克雷白氏肺炎桿菌線毛的分佈與表現

Abstract

克雷白氏肺炎桿菌是一株引起伺機性感染的革蘭式陰性細菌，大多於免疫力不全的病人身上，引起化膿性的潰瘍、菌血症、尿道以及呼吸道的感染。為了探討克雷白氏肺炎桿菌的致病機制，在本論文中，我們針對在感染初期扮演著重要角色的線毛的分佈及表現調控進行研究。 我們藉由分析克雷白氏肺炎桿菌NTUH-K2044的全基因體序列，共發現了九組獨立的線毛基因群。除了過去已知的第一型與第三型線毛基因組外，其餘的七組尚未有文獻報導，我們將其分別命名為kpa、kpb、kpc、kpd、kpe、kpf、kpg基因組。我們進一步分析了克雷白氏肺炎桿菌的臨床分離菌株，發現kpb與kpc基因組在K1莢膜血清型的菌株中有顯著較高的存在率。隨後，我們針對Kpc線毛進行了特性分析。在大腸桿菌中表現Kpc線毛的生合成基因組kpcABCD後，可以致使細菌製造出Kpc線毛並且增強其生物膜的形成能力。我們也發現Kpc線毛的表現受到了相變機制（phase variation）的調控，而此相變機制則是由KpcI專一性DNA重組酶所負責。

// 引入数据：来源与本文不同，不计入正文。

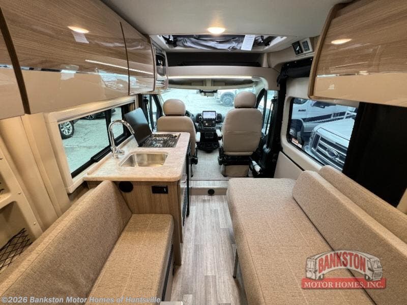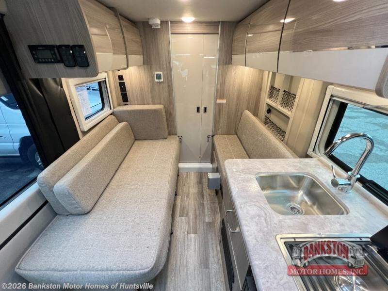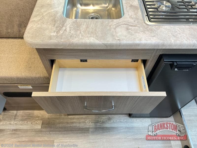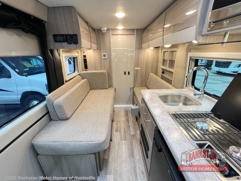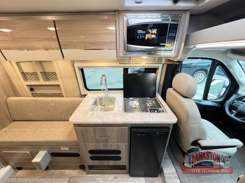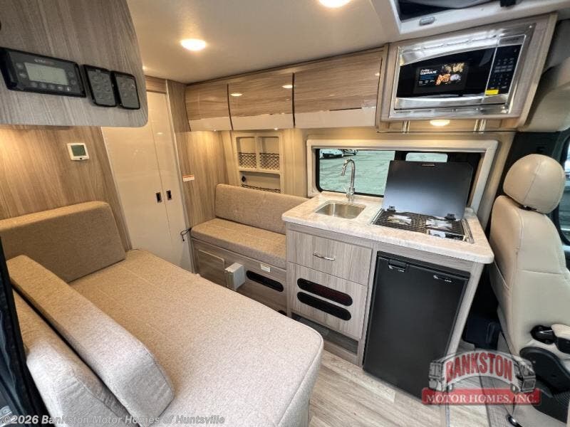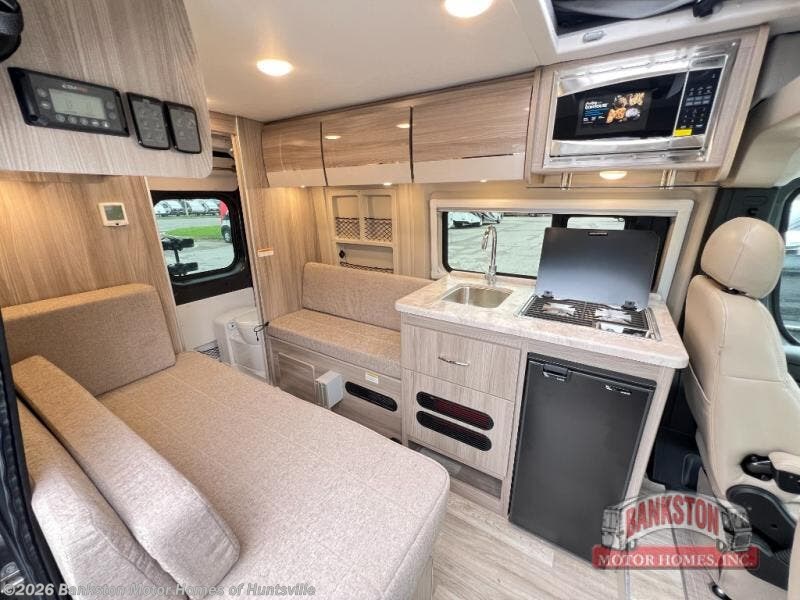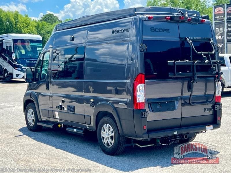 Get comfortable in this Scope Class B motorhome! The seating area includes an expanding sleeper sofa which converts to a roomy 44" x 70" bed. For additional guests, there's the option to add on the Sky Bunk™ with a retractable roof top. You'll have everything you need with the rear wet bath. The driving experience will delight you with swivel captain's chairs, touchscreen dash radio with Apple CarPlay™ & Android Auto™, keyless entry, and a telescoping steering wheel with audio buttons. You'll also appreciate the kitchen, which includes a two burner gas cooktop, microwave oven, and single door 12V electric refrigerator. The stainless steel double bowl sink includes a cover and single handle faucet for easy clean-up!

最後，我們著重於第三型線毛的表現調控進行研究。我們發現位於第三型線毛基因組下游的mrkHIJ操作組可生合成出三個調控蛋白質來影響第三型線毛的表現。mrkI基因被預測可生合成出LuxR類型的轉錄因子，而我們將mrkI在克雷白氏肺炎桿菌中進行剔除後，發現會破壞第三型線毛的基因轉錄。同時我們也證明，具有PilZ模組的MrkH與具有EAL模組的MrkJ，可分別正向與負向調控第三型線毛的表現。此外，我們發現Fur攝鐵調控子會經由調控mrkHIJ操作組來影響第三型線毛的表現。而二次代謝傳導物c-di-GMP也被證明可經由Fur與MrkI來活化第三型線毛的表現。我們還發現缺氧環境可能是影響第三型線毛表現的因子。 在本論文中，我們首度報導了克雷白氏肺炎桿菌線毛的基因體學分析，這個報導將有助於未來對於此細菌線毛黏附作用的研究（第二章）。我們也分析了Kpc線毛的功能性與相變調控表現（第三章），以及探討影響第三型線毛表現的多重調控因子（第四章）。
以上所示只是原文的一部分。